Stored records:
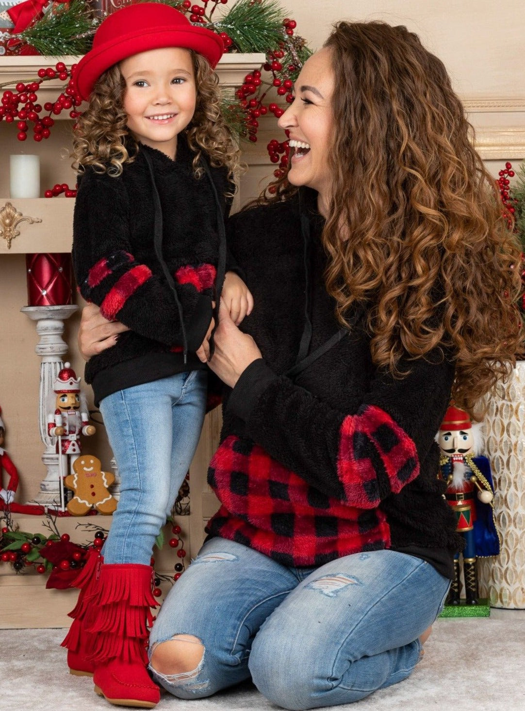 Mommy and Me Buffalo Plaid Plush Hoodie
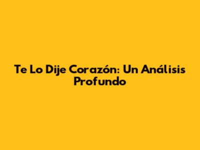 Te Lo Dije Corazón: Un Análisis Profundo
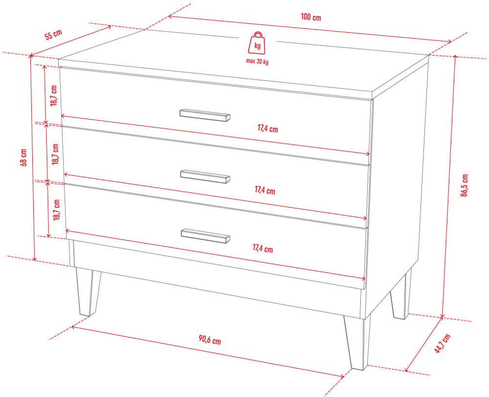 A tágas, három fiókos komódban minden gyermekruha és ápolási kellék elfér.
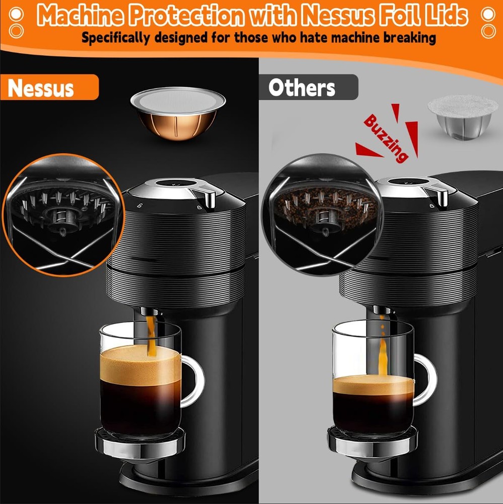 Aluminum Foil Lids for Nespresso Vertuo Reusable Pods, 100 PCS Foil Seal Cover for Refill Espresso Coffee Capsule, Compatible with Nespresso Refillable Capsule PERFECT SIZE & ADHESION: Say goodbye to foil waste, weak coffee, and machine damage caused by ill-fitting seals. foil lids easily position reusable vertuo pods without covering the barcode. Plus, they feature food-grade adhesion that keeps your pods airtight and well-sealed, so you can prefill them and enjoy fresh coffee anytime. SAVE YOUR MONEY: Specially designed for Nespresso pods vertuo, 100pcs foil seal lids help you easily refill and reuse your vertuo pods, saving money and reducing waste, providing convenience and high efficiency for your coffee life. EASY TO REFILL: Refilling your vertuo reusable pods with the refillable pods kit is simple and hassle-free. Just put the empty capsule into the holder, add your favorite coffee powder, and use the foils to align with the raised edge of the holder. Then, press the top cover to get a new capsule. UNLOCK ENDLESS POSSIBILITIES: Unlike being limited to a small variety of coffee blends, Aluminum foil covers give you the ability to select the coffee of your choice. Whether it's your morning fuel or a relaxing moment shared with friends, Foil Lids for Nesprsesso reusable pods cater to your pursuit of coffee excellence, which make excellent gifts for coffee lovers. 100% SATISFACTION: Whether you seek the perfect flavor or long-term protection for Nespresso vertuo machine, aluminum foil seals will be your ideal choice. By choosing our refillable pods seals Lid, you can achieve a win-win situation in terms of saving money and being environmentally friendly. Shipping We offer FREE shipping on all orders! We ship within Three business days of payment, usually sooner. We use a selection of shipping services such as UPS, FedEx, USPS etc. We only ship to the lower 48 states, no APO/FPO addresses or PO Boxes allowed. Local pickups and combined shipping options are not provided at this time. Return You can return a product for up to 30 days from the date you purchased it. Any product you return must be in the same condition you received it and in the original packaging. Please keep the receipt. Payment We accept payment by any of the following methods: PayPal Please pay as soon as possible after winning an auction, as that will allow us to post your item to you sooner! Feedback Customer satisfaction is very important to us. If you have any problem with your order, please contact us and we will do our best to make you satisfied. Contact Us If you have any queries, please contact us via ebay. We usually respond within 24 hours on weekdays. Please visit our eBay store to check out other items for sale! Thank you for shopping at our store.
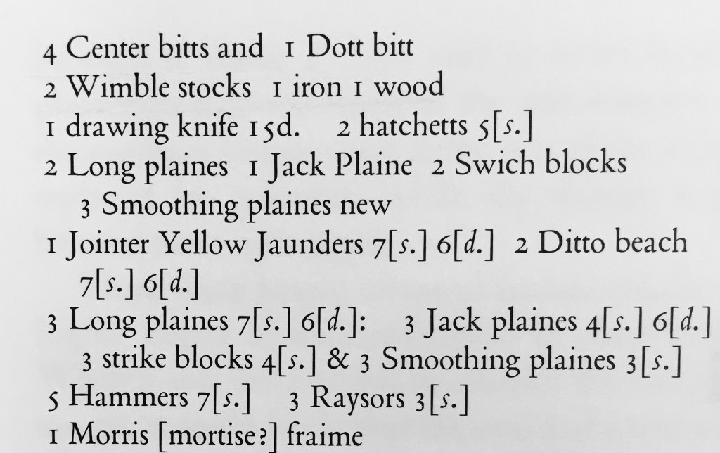 In the shop, saws are the first tools to be inventoried followed by various chisels and gouges in terminology recognizable to woodworkers today – handsaws, tenon saws, firmer, broad, and mortise chisels. This is followed by boring tools – in modern parlance, brace and bits. Two braces are described as “Wimble stocks”, one made of iron and one of wood.
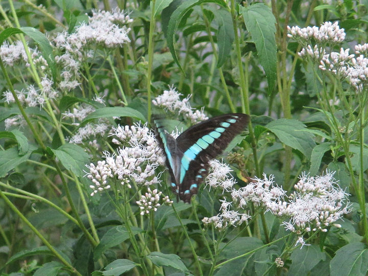 こっちは青条揚羽(あおすじあげは)。鮮やかな水色の模様が目印です。この蝶も頻繁にはやってきません。
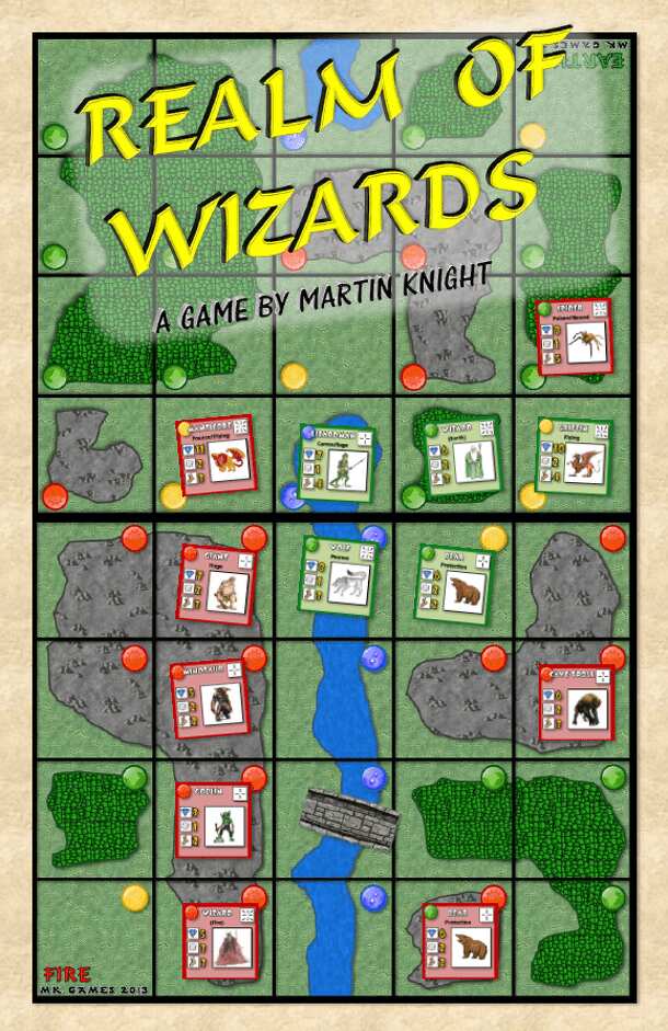 Realm of Wizards is a game for 2-4 players. Each wizard is assigned an element, earth (green), air (yellow), fire (red) and water (blue). The wizards summon creatures to fight to the death. The winner is the last player left in the game. A board section is supplied for each wizard that is partaking in the game and places it at the start of the game. Each...
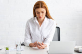 Atrakcyjna bizneswoman z klockami i gadżetami na stole w biurze
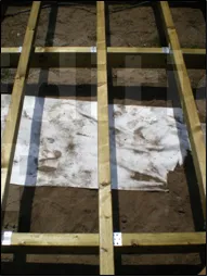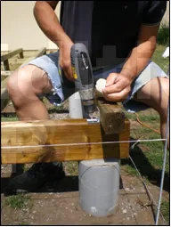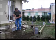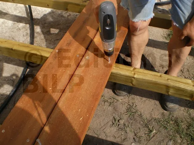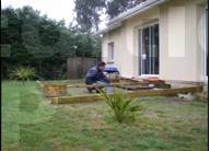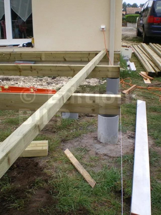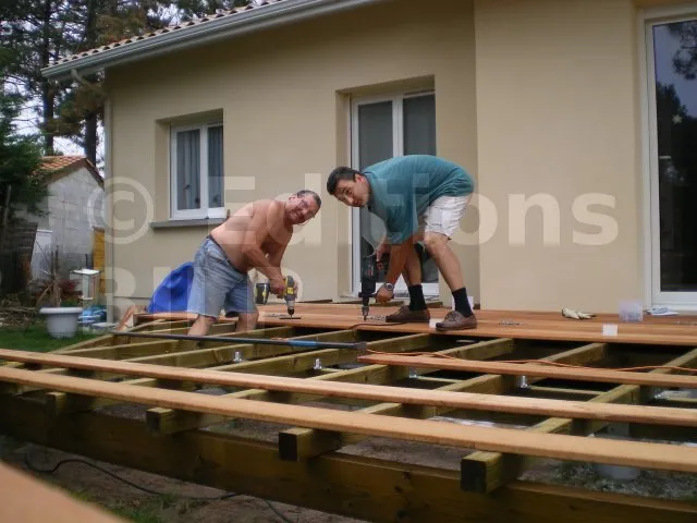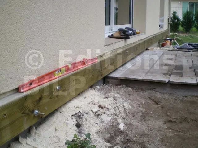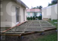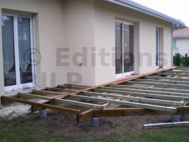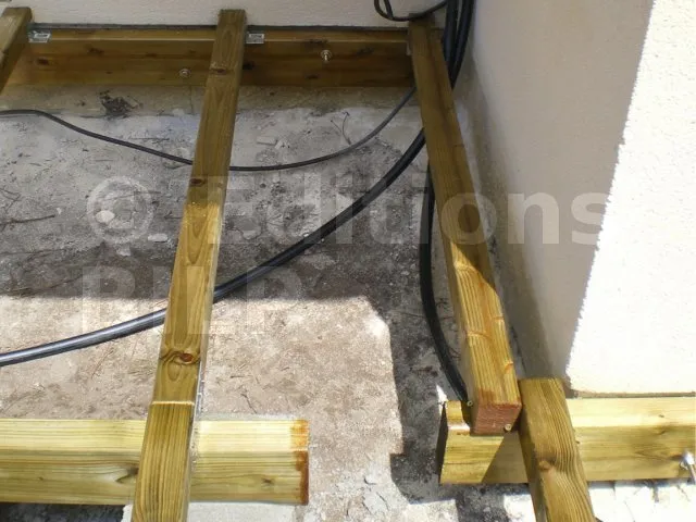 Il s’agit d’une terrasse en bois devant la baie vitrée d’un salon. La structure sur poutres porteuses a été imposée par la hauteur de 60 cm entre le seuil de la baie et le sol naturel. Il s’agit d’une configuration avec platelage parallèle au mur. Pour la fixation des poutres aux plots, Cocostef a utilisé la technique avec connecteurs scellés (voir cet article).
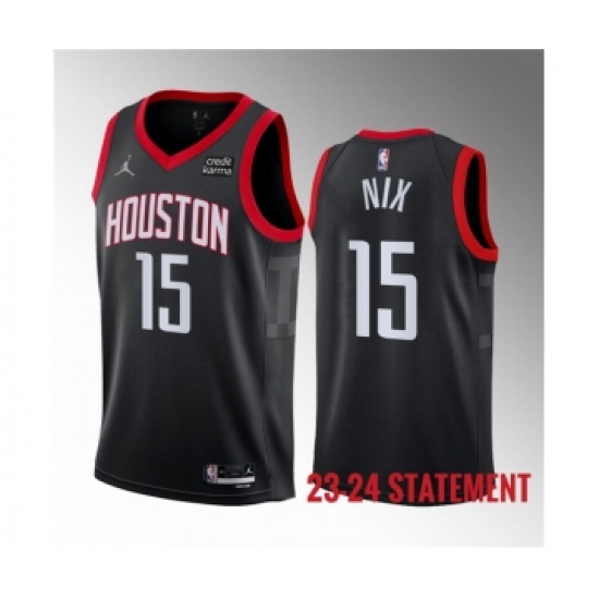 >Men's Houston Rockets #15 Daishen Nix Black 2023 Statement Edition Stitched Basketball Jersey
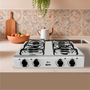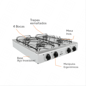 4 Bocas: Com quatro queimadores estampados, você pode cozinhar diversas receitas ao mesmo tempo, otimizando seu tempo na cozinha.
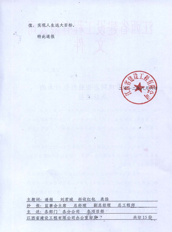 關(guān)于劉君誠同志拒收紅包的表揚通報

● **Try it**
Please copy the data above word for word, but only from the line that contains "こっちは青条揚羽(あおすじあ" through the final line, both included, and without the pictures.

● **The completed task**
 こっちは青条揚羽(あおすじあげは)。鮮やかな水色の模様が目印です。この蝶も頻繁にはやってきません。
 Realm of Wizards is a game for 2-4 players. Each wizard is assigned an element, earth (green), air (yellow), fire (red) and water (blue). The wizards summon creatures to fight to the death. The winner is the last player left in the game. A board section is supplied for each wizard that is partaking in the game and places it at the start of the game. Each...
 Atrakcyjna bizneswoman z klockami i gadżetami na stole w biurze
 Il s’agit d’une terrasse en bois devant la baie vitrée d’un salon. La structure sur poutres porteuses a été imposée par la hauteur de 60 cm entre le seuil de la baie et le sol naturel. Il s’agit d’une configuration avec platelage parallèle au mur. Pour la fixation des poutres aux plots, Cocostef a utilisé la technique avec connecteurs scellés (voir cet article).
 >Men's Houston Rockets #15 Daishen Nix Black 2023 Statement Edition Stitched Basketball Jersey
 4 Bocas: Com quatro queimadores estampados, você pode cozinhar diversas receitas ao mesmo tempo, otimizando seu tempo na cozinha.
 關(guān)于劉君誠同志拒收紅包的表揚通報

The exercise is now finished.